Expanding the scope of the university’s official history to make it more inclusive of marginalized groups is a broad aim of the commission and one that will require an ongoing effort for many years, Littlefield says. Based on its charge from President Caslen, the commission plans to recommend ways to develop and share that enlarged history through educational and outreach efforts while also evaluating and making specific recommendations on building and place names across campus.

The commission last year recommended renaming the J. Marion Sims residence hall, one of the women’s quad dorms — a resolution endorsed by President Caslen and the entire Board of Trustees at their June 21, 2020, meeting. Sims was a student at South Carolina College in the early 1830s and went on to become a surgeon and garner fame as the “father of modern gynecology.” But historical documents show that he conducted experimental operations on enslaved women without the benefit of anesthesia, which later generated widespread condemnation from medical ethicists.

Other building names, including but not limited to the Strom Thurmond Wellness and Fitness Center, the Thomas Cooper Library and the Wade Hampton residence hall, are being evaluated by the commission. That process has attracted the lion’s share of attention from members of the public who have weighed in at online forums held this past fall.

“We’ve been getting information from people about their different points of view, and that’s been very helpful, but
we need to have dialogue, and that’s been hard to do because of COVID,” Littlefield says.

Renaming buildings is itself a complex process because the 20-year-old state Heritage Act prohibits such actions without approval from the legislature.

The commission anticipates delivering a final report with a formal set of recommendations this summer to President Caslen, who, in conference with the Board of Trustees, will determine a course of action.
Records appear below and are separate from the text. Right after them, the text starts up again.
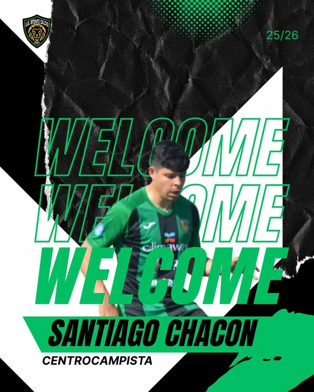 Arriva ufficialmente in neroverde l'esperto trequartista argentino Santiago Chacon classe 1992 ex Fbc Gravina. Per lui è un ritorno a Bitonto avendo già indossato questa maglia in passato. Un acquisto che permette di innalzare maggiormente il tasso di esperienza e qualità dell'organico. Il giocatore sarà già a disposizione di mister Zinfollino già nella trasferta di domani ad Ugento.
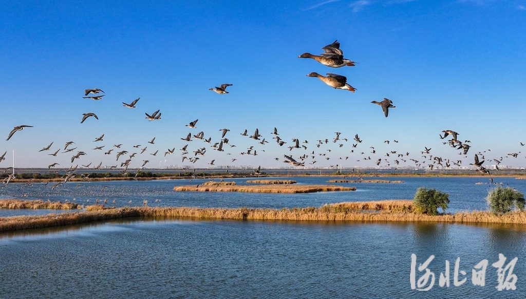 衡水湖国家级自然保护区是东亚—澳大利西亚候鸟迁徙路线上的重要驿站。每年入冬,便会迎来数万只远道而来的候鸟,在此停歇越冬。“你看,大批的鸿雁、豆雁都来了,这说明衡水湖已经进入了候鸟迁徙高峰期。”湖面上,快艇划过,留下一道长长的白色弧线。衡水滨湖新区综合管理局执法队副队长孙丙言手持望远镜,时而望向远方,时而在本上记录。
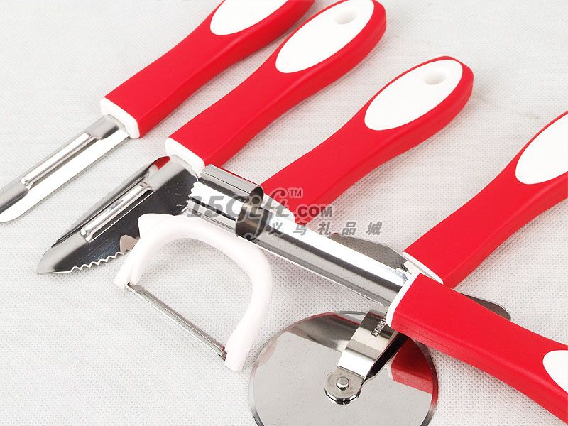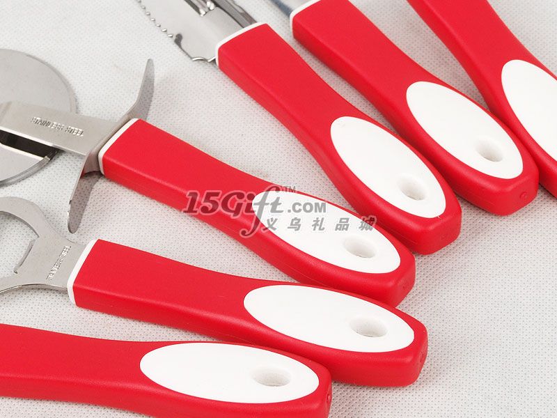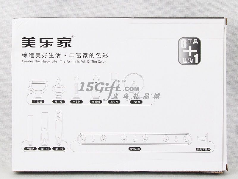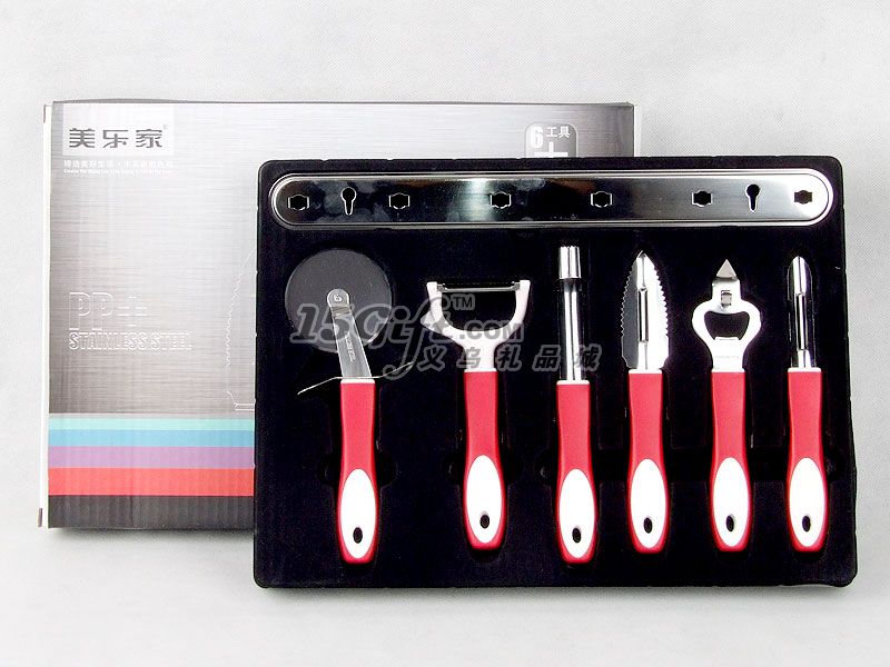 彩色紙盒包裝,內(nèi)含:介餅刀(直徑6.2*19.5cm)+Y型刨(6.5*16.5cm)+果心抽(長19.3cm)+魚鱗刨(3*18.7cm)+瓶啟(4.3*17.5cm)+一字刨(1.6*18.2cm)+掛鉤(3.6*35cm)
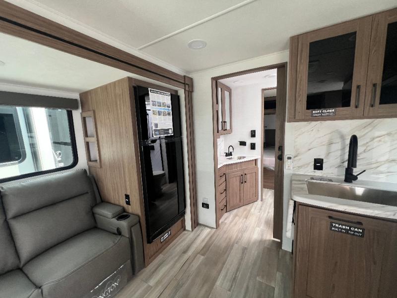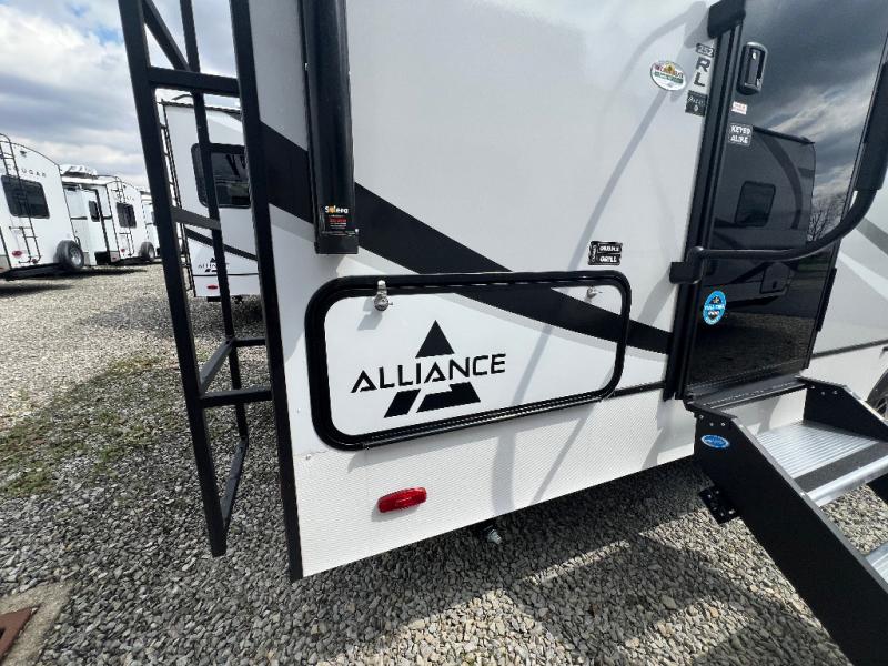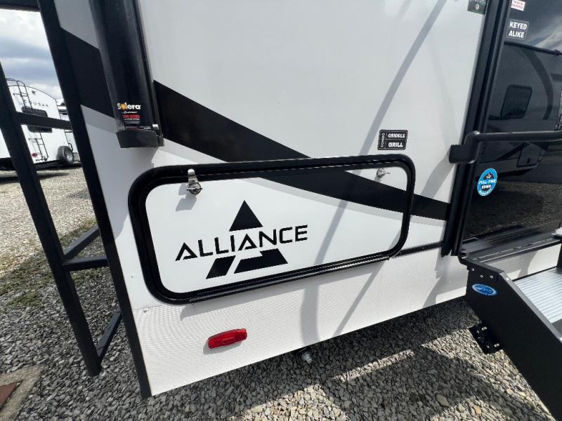 Form and function works together with every one of these Alliance RV Delta travel trailers! They are built with a walk-on roof with a seamless PVC roof covering, Mylar reinforced exterior seals, and a heated and enclosed underbelly to protect your unit in all seasons. The commercial grade vinyl flooring will be easy to clean and the oversized atrium windows throughout let in plenty of natural sunlight. With 62 cu. ft. of drop frame pass-through storage, you can bring along all of your essential camping gear plus it has USB charging for more convenience. There are many at home interior conveniences including a Bluetooth speaker, USB charging throughout, and even a pull-out kitchen trash can. Come find your favorite model today!

Nearly 30 students, faculty, staff members and public citizens comprise the commission. Carolinian talked with five of them about their approach to the commission’s work. The following forum features excerpts from those con­versations. Visit the Presidential Commission on University History website to learn how you can offer input.

 

Presidential Commission on University History

 

This is a microcosm of the broader questions around things like fairness, race and gender.

Todd Shaw

Todd Shaw is an associate professor of political science and African American Studies. He joined the university faculty in 2003 and recently was chair of the political science department.

"There’s a lot that has been written about the university’s history, but we’ve been asked to bring to the table some voices that have not been included. Our job is to be the body that gives consideration as to how we as a university tell an expanded history.

"This commission’s work is in some ways an invitation to the university to have a re-engaged discussion and sometimes even a debate about these questions. Historians tell us that what is written about history is simply the most recent draft of a set of ongoing questions. There are always new books about Lincoln and Washington, revisiting some part of American history more broadly. So, we’re simply inviting ourselves — our alumni, students, faculty, staff and other stakeholders — to a conversation about the university’s history.

"The names of campus buildings give the sense that the person was so noteworthy that we will venerate their legacy and their contributions to the university. But most students, most faculty members and many administrators are un­aware of the history of the individuals for whom these buildings are named. And I don’t say that glibly — it’s just in the course of daily life we very rarely have the ability to go deeper to discover those histories. It is quite important to tell that broader history about some of these individuals, at the very least. And there will be recommendations, I’m sure, that the commission will make about names being removed.

"Those recommendations may or may not be accepted by the trustees, by the legislature, and whatever else is required for change to occur. However, I think that our charge to make students, faculty and the broader community aware of the legacy of these names is key.

"In this particular age we’re in I can understand con­cerns or even cynicism about whether this is really going to produce a result. I hope this will be one of many dialogues in the years to come on these difficult questions, while understanding that we will not resolve these questions completely.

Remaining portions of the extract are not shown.